The work program will be implemented in 36 months and is divided into the WorkPackages (WP) detailed below.

WP1 - Preliminary analysis and definition of requirements and specifications [M1-M5]

The specific objective of this WP is to (a) carry out an accurate analysis of the control and sensorisation solutions for hand prostheses present in the literature, both in the research and commercial fields; (b) carry out an analysis of the end users' needs in addition to a critical analysis of the previous experiences of UCBM and recent works in the literature on human neural implants for prosthesis control; (c) define the requirements and specifications that the final prosthetic system must have in order to meet clinical and market needs.

WP2 - Prosthetic hand control subsystem [M1-M24]

WP2 has the objective of developing a control system for the prosthetic hand which, receiving information on the type of task to be performed from the EMG classifier, defines the motor commands to be sent to the prosthesis actuators to perform the desired gripping task with the right level of strength. To this end, preliminary studies will be carried out on humans to define movement patterns and force levels to be replicated on the prosthesis. We will therefore move on to the development of a controller distributed on two levels (high level and low level) dedicated, respectively, to the planning of the gripping task with patterns similar to the natural ones and to the control of the position of the fingers and of the force to be applied in the interaction with the object. In the low-level control system it is therefore envisaged to introduce a force/position control loop that finely regulates the closing force, based on the information coming from the tactile sensor subsystem.

WP3 - Tactile sensor subsystem [M6-M28]

The objective is the design (after a careful analysis and evaluation of the connected risks) and the realization of the sensory system. In particular, commercial and custom components will be integrated using standard technologies of microfabrication and rapid prototyping.

WP4 - SNP interfacing subsystem [M6-M28]

In this WP the interfacing system between the biomechatronic hand prosthesis and the patient's SNP will be developed. The efferent signal on the subject's motion intention will be extracted by EMG, while the afferent signal will be transmitted through intraneural interfaces.

WP5 - System Integration [M29-M31]

Work Package 5 aims to obtain a prototype of the prosthesis by integrating the hardware and software components developed in the previous WPs on an already existing prosthesis identified in WP1. The choice of the prosthesis will fall on a polyarticulated hand with open control architecture: an essential requirement to be able to proceed with the modification of the prosthesis control software, integrating the tactile sensory feedback and enabling the direct command of the actuators.

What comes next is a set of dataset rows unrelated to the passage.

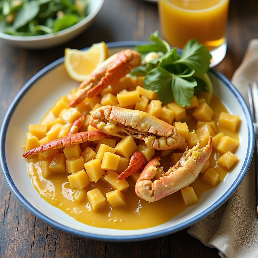 El cangrejo azul de Chesapeake es una variedad emblemática del estuario de la bahía de Chesapeake, conocida por su textura firme y sabor a marino. En St. Michaels, Maryland, esta región se enorgullece de preparar este crustáceo con recetas que realzan su sabor natural. Esta receta presenta un cangrejo azul cocido al estilo local con una salsa de mango cremosa, ideal para un almuerzo o cena ligera.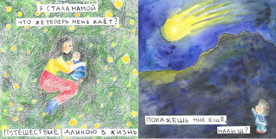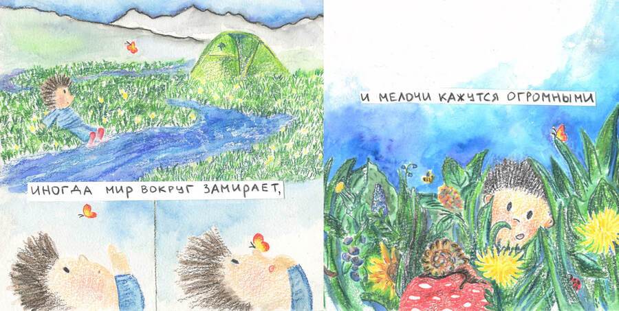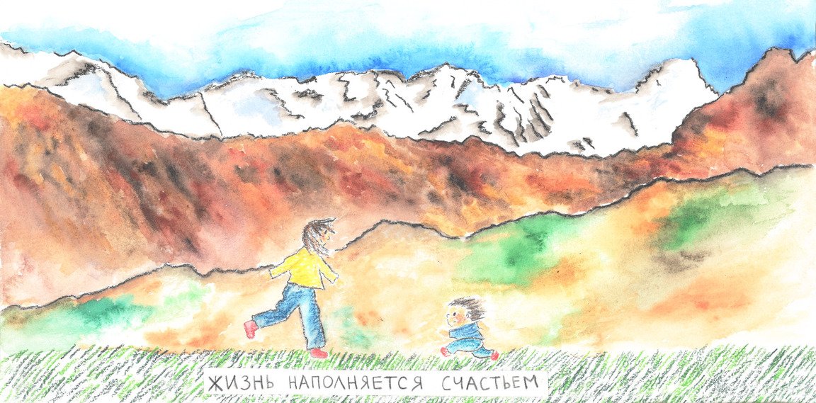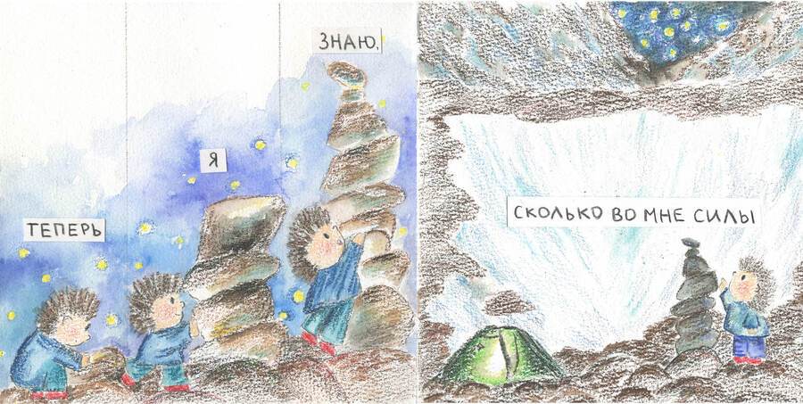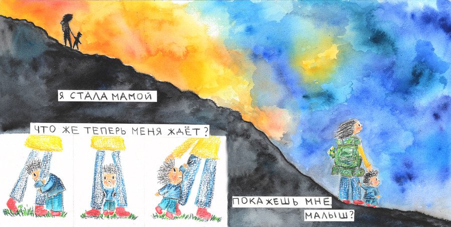 Это история о путешествии малыша и его мамы, о том, что они видят, чувствуют и замечают в пути. В то же время это рассказ о моих чувствах, ожиданиях, сомнениях, о счастье и открытиях. Поход в горы здесь аллегорически отражает опыт, который переживает мама после рождения ребенка.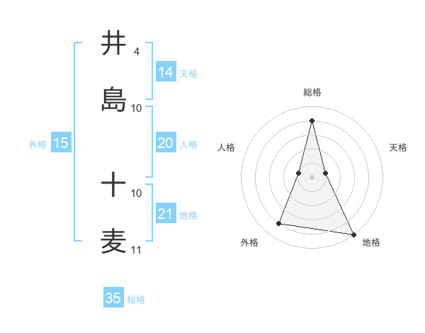 井島 十麦さんの総格は35画の4点!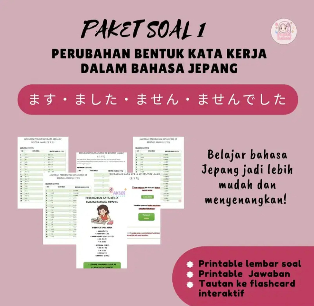Belajar bahasa Jepang jadi lebih mudah dan menyenangkan! Paket soal ini dirancang khusus untuk membantu kamu memahami dan menguasai perubahan bentuk kata kerja dalam bahasa Jepang, termasuk bentuk masu, mashita, masen, nai, dan ta.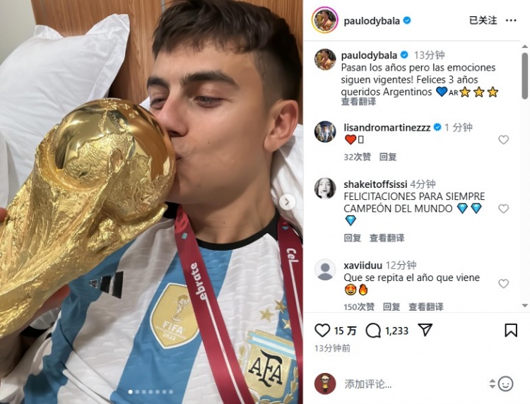 12月19日讯 迪巴拉今天更新Instagram,纪念阿根廷世界杯夺冠三周年。

To achieve this objective we will proceed with the integration of the hardware components developed in the previous WPs (WP2, WP3 and WP4) and with the integration, in a single development environment, of the software components.

WP6 - Experimental validation and clinical evaluation [M13-M34]

The objective of this WP is: (a) To define and perform the clinical procedures for the implantation of intraneural electrodes in the peripheral nerves of a suitably recruited amputee; (b) Experimentally validate (in synergy with other active projects) the prosthetic system developed in WP5, following the definition and approval of the experimental protocol by the competent bodies.

WP7 - Translational research for exploitation of results and follow-up plans [M1-M36]

WP7 has the following objectives:

  • evaluate the application impact of all the intermediate and final results of the project, so as to facilitate the transfer of these results to clinical application. To this end, each result will be evaluated in terms of cost/benefit ratio, bioethical aspects, clinical/psychological aspects related to the acceptability of the technological solutions by users, analysis of the risks and reliability of the proposed technologies, etc.;
  • develop project roadmaps for the development andingengineering of innovative solutions and devices directly deriving from the project. To this end, the needs of patients will be assessed in relation to the solutions directly deriving from the results of the project and any changes to be made to them will be identified in order to make them safe and reliable, as well as more usable and acceptable, compared to the state of the art. commercial;
  • elaborate the follow-up plans of the project, in particular through the definition of scientific and technological road maps for the further development of research activities in the field of prosthetics, also through the exploitation of the opportunities offered by the HORIZON2020 programmes, by the National Research and other potential sources of research funding.

WP8 - Dissemination of results [M1-M36]

This WP aims to promote dissemination activities towards (i) the national and international scientific community and the wider public on information regarding the project, including the objectives achieved, the data obtained and the technologies developed; (ii) all the members of the teams involved in the project and the INAIL medical and technical personnel in general, on the progress of the project and updates on the most recent developments in the prosthetic field.

WP9 - Project coordination and management [M1-M36]

The project will require a careful and timely setting, planning and management of the activities in order to achieve the objectives mentioned, in compliance with the times, costs and expected quality. To this end, moreover, a fluid management of information towards all partners and stakeholders of the collaboration must be guaranteed, both inside and outside the two entities.